Algunos de los especímenes es imposible adivinar a qué género pertenecen; vuelve a llevarse la melena y el maquillaje en varones, igual que el tiempos de la Revolución; a la que no es que tuviera el gusto de asistir, pero ha visto grabados.

Decide dejar de fijarse en los viandantes y vuelve a sí mismo. Se busca las manos; y eso sí que resulta enloquecedor. Son manos de largos dedos, con callos en las almohadillas, ligeramente bañadas por el sol y de piel lisa. Lisa y joven. Son las manos de un muchacho, no las suyas. Por el Ángel, ¿qué está pasando aquí?

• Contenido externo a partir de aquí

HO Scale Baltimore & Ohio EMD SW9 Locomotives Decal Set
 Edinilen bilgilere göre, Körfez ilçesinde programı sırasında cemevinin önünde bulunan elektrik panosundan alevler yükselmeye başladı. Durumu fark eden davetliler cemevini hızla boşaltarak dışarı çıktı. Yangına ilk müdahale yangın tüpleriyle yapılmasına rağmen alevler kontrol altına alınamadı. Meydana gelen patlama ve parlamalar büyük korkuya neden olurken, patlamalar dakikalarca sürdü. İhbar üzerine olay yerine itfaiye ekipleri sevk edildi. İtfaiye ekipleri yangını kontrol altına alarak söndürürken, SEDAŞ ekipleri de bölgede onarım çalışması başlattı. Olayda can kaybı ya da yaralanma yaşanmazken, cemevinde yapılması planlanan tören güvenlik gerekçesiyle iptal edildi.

Le echa valor al asunto y sigue con el resto del cuerpo. Uf, gracias a Dios, está vestido. Sin galas, y sin sombrero, pero con pantalón y camisa, aunque sólo lleva un zapato. Oye, menos es nada. El siguiente intento lo hace con la ubicación espacial, ya que intuye que la temporal va a escapársele de las – ahora juveniles – manos. Tendría que ponerse de pie; le chirrían los músculos: manos jóvenes pero cuerpo caduco, tal y como debería de ser. Está cubierto de cartones, en lo que parece un portal; un edificio de cristalinas paredes se alza ante él. Se pone finalmente en pie, no sin dificultad, e intenta desencajar los huesos agarrotados. Siente como si hubiera pasado una eternidad en posición fetal, lo cual es curioso, porque juraría que ha estado algunos años paseando por las infinitas praderas del inframundo, en busca del – empieza a pensar que inexistente – río que se suponía que había de cruzar; y cree recordar el ataúd, ideal para una elegante postura decúbito supino. Y nada tiene mucho sentido, porque a los de su clase les incineran y después usan sus cenizas para construir la Ciudad de Hueso… Pero basta ya de especular; explorar, investigar, eso es lo tiene que hacer.

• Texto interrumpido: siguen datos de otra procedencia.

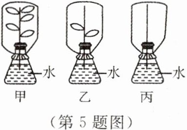 5. 为探究绿色植物的蒸腾作用,将下图所示三个实验装置(塑料袋都透明)放在相同的环境中,24小时后观察实验现象。下列有关该实验的分析错误的是( )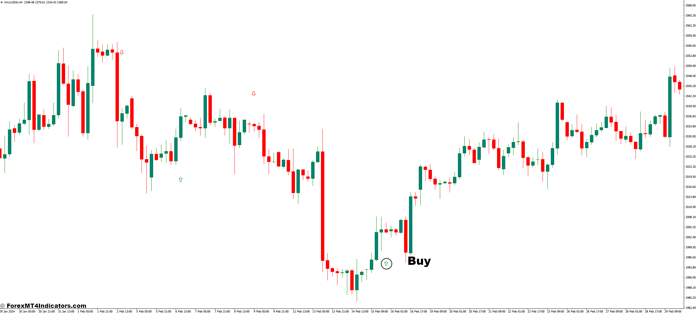 - Signal: Identify bullish divergence on the chart. This occurs when the price makes higher highs (HH), but the FXCX indicator prints lower highs (LH).

La acera, la calle que parece perderse en el infinito en ambos extremos, el aluvión de viandantes de curioso atuendo y ausente decoro. No le suena nada. Tal vez debería de preguntar, o quizá primero ir en busca de un cartel indicador. Mueve la cabeza hacia arriba y luego de derecha a izquierda: las coloridas marquesinas lo inundan todo. Por el Ángel, va a ser tarea imposible. Camina a la derecha unos cien metros y después retrocede sobre sus pasos, demasiado aturdido como para pensar con claridad. Se choca contra un hombre anuncio: de esos ya había visto alguno. Le ofrece un panfleto hecho de llamativo papel brillante: "El Rey del Pollo Frito", se lee en él, y hay una oportuna ilustración de un ave con la corona, joyas incluidas. Después de un menú con precios que a Will le resultan desorbitados, encuentra una dirección: 47, Oxford Street, Londres.

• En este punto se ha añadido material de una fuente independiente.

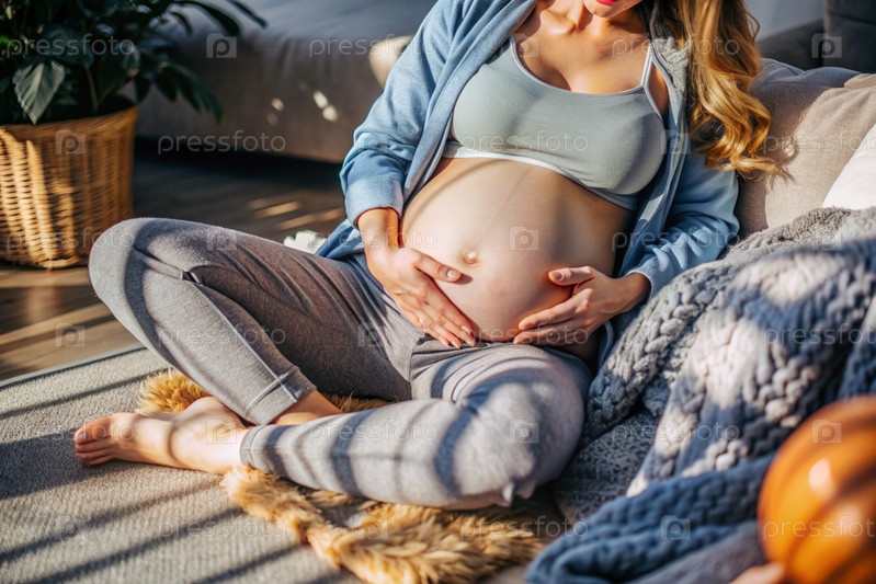 Молодая беременная женщина держит свой живот на фоне интерьера дома. Близко. Женщина готовится стать матерью. Беременность и роды

Así que Londres. Juraría por toda la jauría de Ángeles que en su memoria Londres no era así; era ruidosa y caótica, pero los londinenses conservaban el pudor, al menos los mundanos, al menos de puertas para fuera. Pero ha visto cosas lo bastante raras en la vida como para que resulte tan sorprendente. Ya tiene el lugar, ahora le falta el tiempo. Por el calor, y la humedad, se trata de un día de verano o primavera, alrededor del mediodía a juzgar por la altura de ese escasamente londinense sol. Pero el cuándo; el cuándo es ahora, continúa siendo una incógnita.